Antiretroviral drug summary: Delavirdine (DLV; Rescriptor)
Last updated on Sep 24, 2007
Since DLV is not used for initial therapy and rarely used for salvage therapy, there are few studies describing the mutations emerging during DLV treatment. These studies suggest that K103N, Y181C, and P236L are the most common mutations DLV-selected mutations. Each reduces DLV susceptibility about 50-fold, although the precise reduction in susceptibility on other NNRTI resistance mutations and several common polymorphic mutations that synergistically reduce susceptibility (Ceccherini-Silberstein et al. 2007; Rhee et al. 2006).
However, nearly all NNRTI-associated mutations, even those not reported to have been selected by DLV are likely to be associated with clinically significant reduced susceptibility with several exceptions: (i) G190A/S are associated with increased DLV susceptibility. Anecdotal case reports have suggested that this may provide a clinical benefit in some patients. However, the fact that NNRTI use often leads to the selection of multiple NNRTI-resistance variants including some as minor variants suggests that not all patients with these mutations will benefit from DLV treatment. The effects of other mutations at position 190 are more variable. For example, the third most common mutation, G190E is associated with intermediate DLV resistance. (ii) Mutations at position 188 generally have a greater phenotypic effect on NVP and EFV than on DLV, although the magnitude of the difference and the unreliable pharmacokinetics of DLV make this observation unlikely to be clinically relevant. (iii) P225H and F227L are each associated with increased DLV susceptibility. However, the fact that these mutations are accessory mutations that are nearly always associated with other NNRTI mutations such as K103N and V106A make this observation unlikely to be clinically relevant.

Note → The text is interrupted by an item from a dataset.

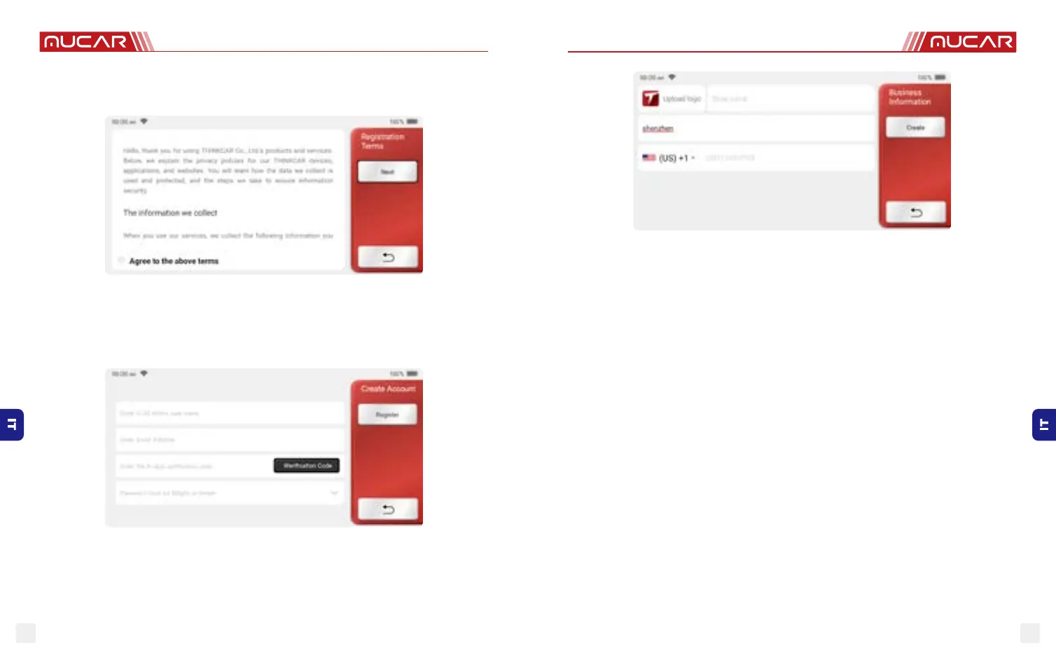 MUCAR CS2 - Codici Diagnostici DI Guasto (DTC); Creare un Account; Digitazione Delle Informazioni Sullofficina Riparazioni; Informazioni Generali

The US DHHS and IAS-USA Guidelines do not recommend DLV as a preferred or alternative NNRTI for initial therapy (Hammer et al. 2006; US DHHS Panel 2006).

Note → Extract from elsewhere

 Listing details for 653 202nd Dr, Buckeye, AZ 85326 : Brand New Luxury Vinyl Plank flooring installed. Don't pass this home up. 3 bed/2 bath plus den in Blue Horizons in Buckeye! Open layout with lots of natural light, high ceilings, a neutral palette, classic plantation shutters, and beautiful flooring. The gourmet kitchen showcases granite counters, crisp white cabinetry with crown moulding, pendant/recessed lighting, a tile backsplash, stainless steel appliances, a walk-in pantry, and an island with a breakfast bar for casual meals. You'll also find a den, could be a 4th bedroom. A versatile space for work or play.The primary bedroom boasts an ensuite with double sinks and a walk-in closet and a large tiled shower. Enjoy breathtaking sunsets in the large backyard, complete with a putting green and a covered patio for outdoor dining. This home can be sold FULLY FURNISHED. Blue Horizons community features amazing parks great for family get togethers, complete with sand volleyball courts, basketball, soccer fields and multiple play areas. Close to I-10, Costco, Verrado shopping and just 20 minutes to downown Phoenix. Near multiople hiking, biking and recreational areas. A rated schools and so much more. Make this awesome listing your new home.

The US DHHS and IAS-USA Guidelines do not recommend DLV for use as second-line therapy (Hammer et al. 2006; US DHHS Panel 2006). Anecdotal reports suggest that DLV may be useful in treating some patients with viruses that contain the mutations G190A or G190S with no other NNRTI-resistance mutations or in pharmacokinetic boosting of PIs in patients that cannot receive RTV.